A line is a construction of distance in space, time and vision. It gives a strong definition to form and position through connection and separation. The Trans-Arabian Pipe Line Company (TAPLine) was established in 1946 to build and operate a 1,213-kilometre-long, seventy-eight centimetre-wide pipeline to transport oil by land from Saudi Arabia to Lebanon through Jordan and Syria, and after 1967, through the Golan Heights. With this endeavour, the company conjoined three intersecting lines in an arc of history, geography and geometry. Due to the sociopolitical and geographic transformation of the region in 1983, the company was dissolved and the pipeline abandoned, its infrastructure left hidden on the land. Today it is the only physical object that crosses the borders of five countries in a region very conscious of its demarcated boundaries.

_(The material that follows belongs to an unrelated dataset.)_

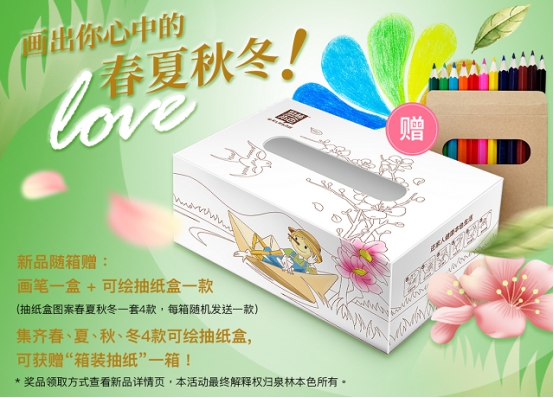 購買泉林本色“田美系列”新品的用戶將額外獲贈可以疊成紙盒的紙卡和一套畫筆,收到產(chǎn)品的顧客可以在紙卡上和孩子一起彩繪出各自心中的四季,這種玩法增強(qiáng)了家人之間的互動同時開發(fā)了孩子的動手能力,將產(chǎn)品的實(shí)用性和趣味性完美結(jié)合。
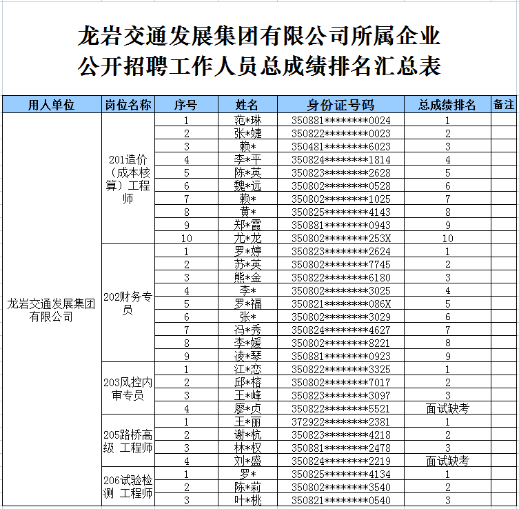 根据2022年8月7日发布的《关于龙岩交通发展集团有限公司招聘工作人员的公告》有关要求,龙岩交通发展集团有限公司所属二级企业造价(成本核算)工程师(岗位代码201)等5个岗位考试(笔试+面试)环节已由我司组织完成,现将总成绩排名予以公示。

Steel Rings (2013– ), from the series ‘The Shortest Distance Between Two Points’ (2007– ), is a sculpture that replicates this hidden history in ten-centimetre sections manufactured to the same diameter and thickness of the original pipeline, each engraved with the distance from the pipe's source and its corresponding geographic coordinates. Consuming an entire wing of the Sharjah Art Museum, this installation of Steel Rings represents the first sixty five kilometres of the TAPLine from its origin in Saudi Arabia.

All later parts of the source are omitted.